Come together all of you and listen.
Which of the idols has foretold these things?
So let's pause here and try to understand the first perspective shift God wants to give us.
And it's this.
The idols of our culture are deaf, dumb, mute, and powerless.
He is the one who has spoken creation into existence.
He is the one who declares things.
and then they come to pass.
But all of the stuff that we think will make us happy,
they are deaf, they are dumb, they are mute,
they are powerless to affect anything in the world.
Why?
Because they are just stuff.
They are not persons.
They have no agency.
They are impotent.
It is only God who acts.
It is only God who satisfies.
So he's telling the people,
don't look to these things that the Babylonians look to,
to fill them up.
Don't look to them to fill you.
you up because you know the truth about them. They're powerless. The passage continues. The Lord's
chosen ally. Okay, quick pause. Isaiah is talking about the Persians who would one day conquer the Babylonians.
So let's pick up again. The Lord's chosen ally, the Persians, will carry out his purpose against
Babylon. His arm will be against the Babylonians. I, even I have spoken. Yes, I have called him.
I will bring him and he will succeed in his mission.
So Isaiah is saying that the Babylonians, even though they are the greatest world power at the time,
their time is short.
A day will come when they will fall.
And so that's the second point that he wants us to get.
If the exiles live for Babylon's values and they live for Babylon's idols, they will have
made a foolish error.
Why?
Because Babylon will not last.
It will one day turn to dust.
All the power and power.
prestige that seem so powerful and prestigious, it will disappear. And isn't the same true of us?
We cannot carry our wealth into death. All the things we buy are destined for a dumpster.
And even if you care for your body like a temple, you will one day grow old. You'll know sickness
and weakness and wrinkles. So if you live for these things, you're living for a dumpster and a
graveyard because that's where all these things land. So don't make a foolish error. Don't live for stuff.
Don't live for your body. Don't live for clothes. Live for the one thing that lasts. God.

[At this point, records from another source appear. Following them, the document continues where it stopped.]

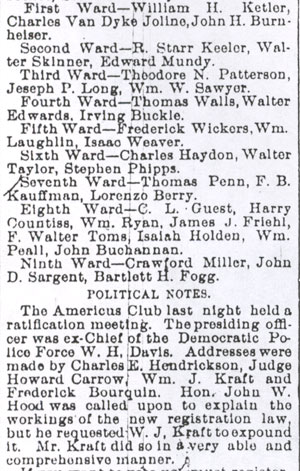 Miller Frank T. Lloyd - Charles V.D. Joline Frederick A. Rex - William F. Rex Robert F. Miller - Albert Keaser George V. Murry - John Morrisey Harry Selby - William H. Selby Dr. George D. Grimes - William Laws John Cherry - John S. Smith Charles Cahill - Edward Hartman Owen McDonald - John Helm Albert Keaser - F. Morse Archer John Wagner - John C. Truitt Anna Hutner - William Ridgway Ogden |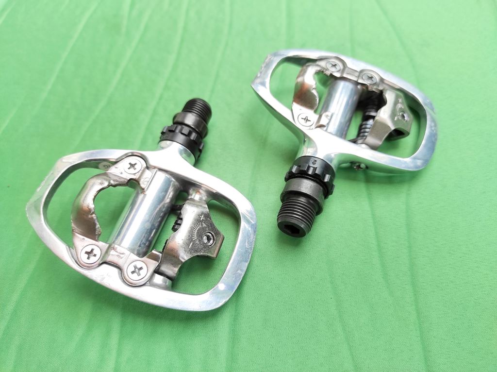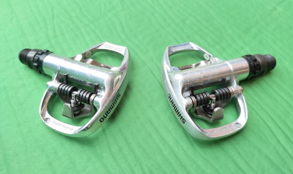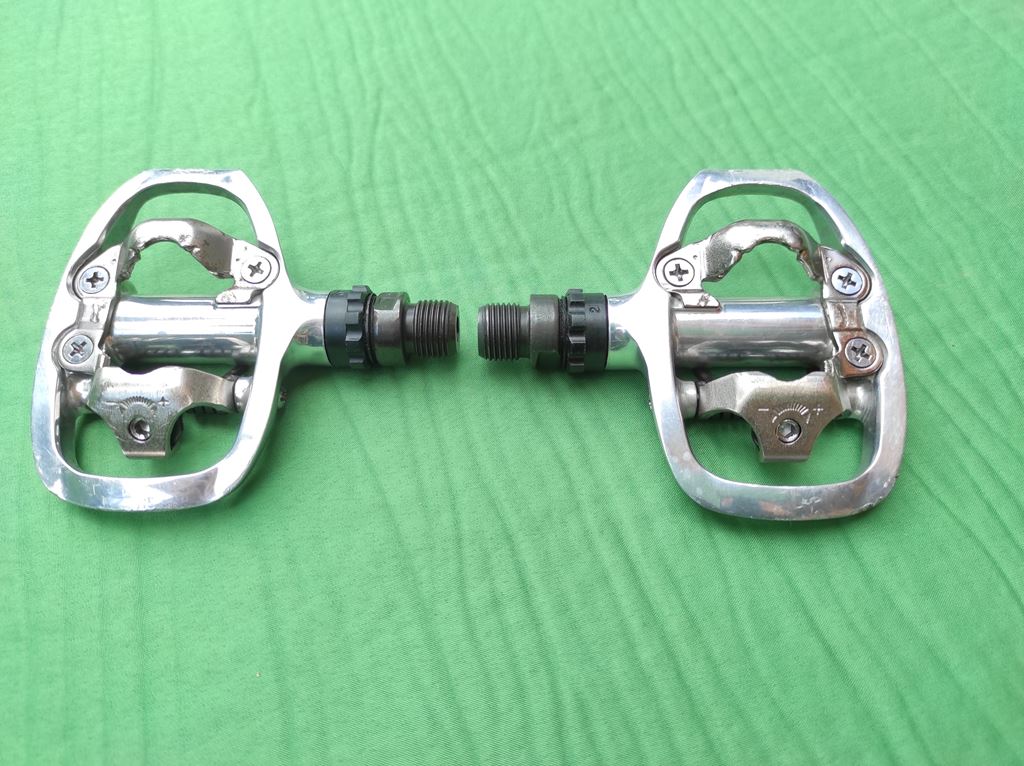 - Shimano PD-A520 - Click Pedal Rennvelo Klickpedal Das PD-A520 Pedal von Shimano - SPD kompatibel für Rennrad endurance gravel touring mtb crossbike trekking urban allmountain cross country e-bike etc. Pedalsystem : SPD Klickpedal Versenktes SPD-System zum effizienteren Pedalieren ermöglicht mit einem entsprechenden Schuh bequemes Laufen Material Achse : CrMo Pedalkörper : Aluminium Bindung : einseitig Lagerung : Kompaktlager, gedichtet Auslösehärteeinstellung : Ja Lieferumfang : 1 Paar / gemäß Bilder (ohne Cleats) ZUSTAND : occasion - sehr gut Technisch einwandfrei - geprüft Geeinigt & geschmiert Versandkosten CHF 8.00 Beachten Sie weitere Angebote von Rennrad Style Bikes Mountainbike Citybike Fahrrad Zubehör & Ersatzteile pédales vtt velo course de ville mks trek scott merida cannondale wheeler specialized giant focus gitane centurion lapierre price racer stevens bergamont bontrager tds tour de suisse cresta haibike rose allegro cilo bmc dura ace rival sram tiagra clickpedale Ultegra plattformpedale ritchey wellgo time vp 105 canyon Felt cube Orbea univega Kuota Koba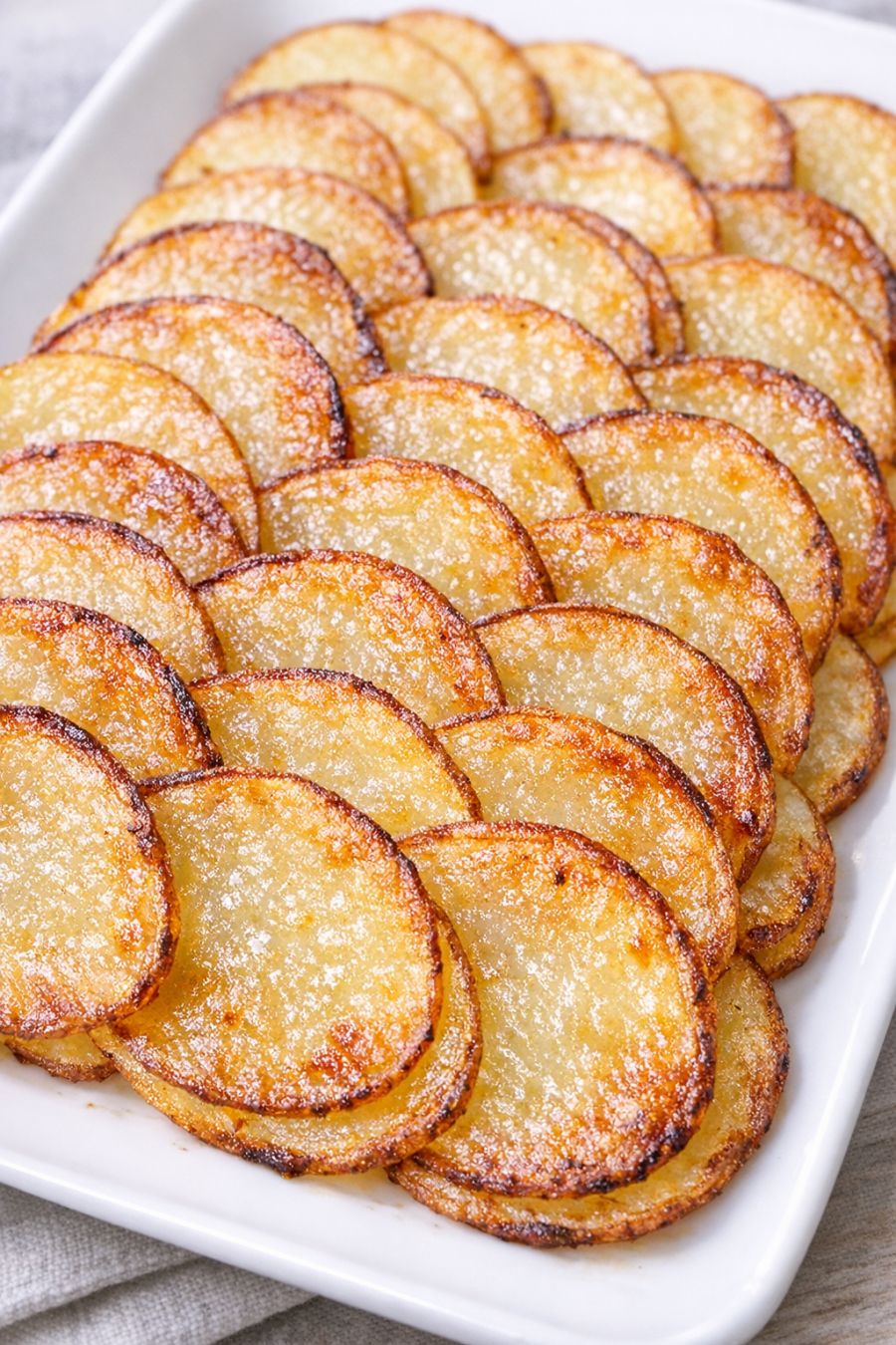 Place the potato slices in a large bowl. Drizzle with the olive oil and sprinkle with 1 teaspoon of the kosher salt. Toss gently with your hands to coat every slice lightly in oil—this is what helps them brown and crisp instead of steam.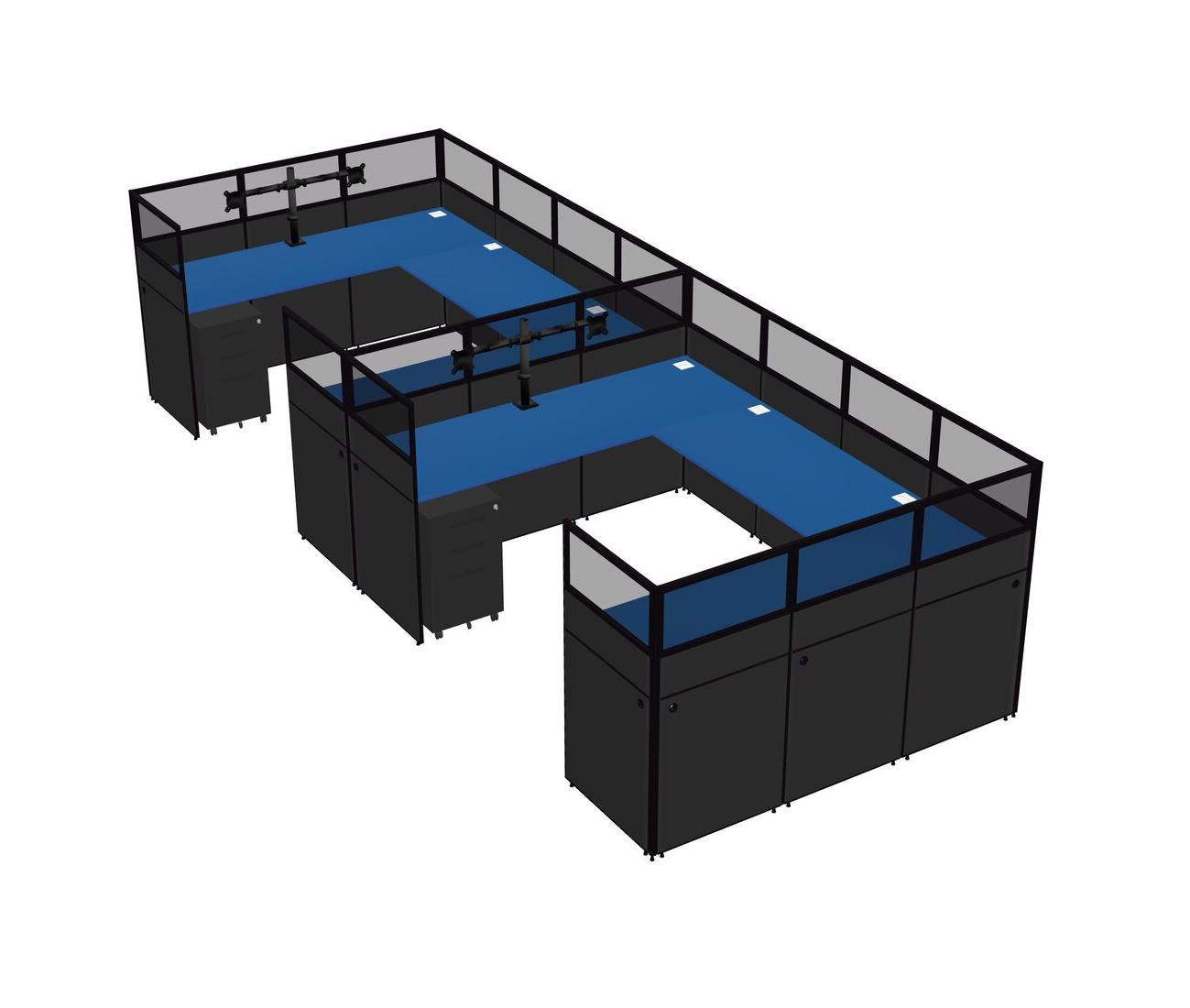 Système De Panneaux En U Prism Blue Pour 2 Personnes + Bras D'écran (bras Doubles) + Tiroirs Mobiles En Métal Pour 2 Utilisateurs

Isaiah concludes with this advice to the exiles. He says, leave Babylon. Flee from the Babylonians.
Announce this with shouts of joy and proclaim it. Send it out to the ends of the earth. Say,
the Lord has redeemed his servant Jacob. They did not thirst when he led them through deserts.
He made water flow for them from the rock. He split the rock and water gushed out.
Isaiah is telling the people to flee Babylon, to not be of Babylon, to not be of the world. Why?
Because they have been rescued and redeemed by their Savior, a Savior who can bring water into
the desert, who can make water flow from the rocks. We worship the same Savior who has rescued
us from the world, from death, from the devil, and he leads us on an exodus, a freedom journey,
out of sin, out of death, out of the way of this world, into a future world, where all will be
resurrected, all will be renewed, and the scars of sin will be gone. So what do we need to do today?
Well, we need to do what he told the exiles to do. We need to flee from Babylon. There is a calling
on our life to flee from culture. It's not the only calling. We have to remain in the world.
And yet, flee from Babylon is a command.
And it's a command to run away from Babylon's values and idols.
You can't leave the country.
You can't leave the world, but you can set aside its values.
You can set aside its idols.
It's a command to say, I will not be of the world, even though I am in the world.
Jesus wants your heart, and he wants all of it, and he wants it fully so that he can
fully fill it.
So flee the idols and values of this culture.
Don't live for stuff destined for junkyards.
Flee Babylon, flee your idols, and run into his forgiving, gracious, and transformative arms.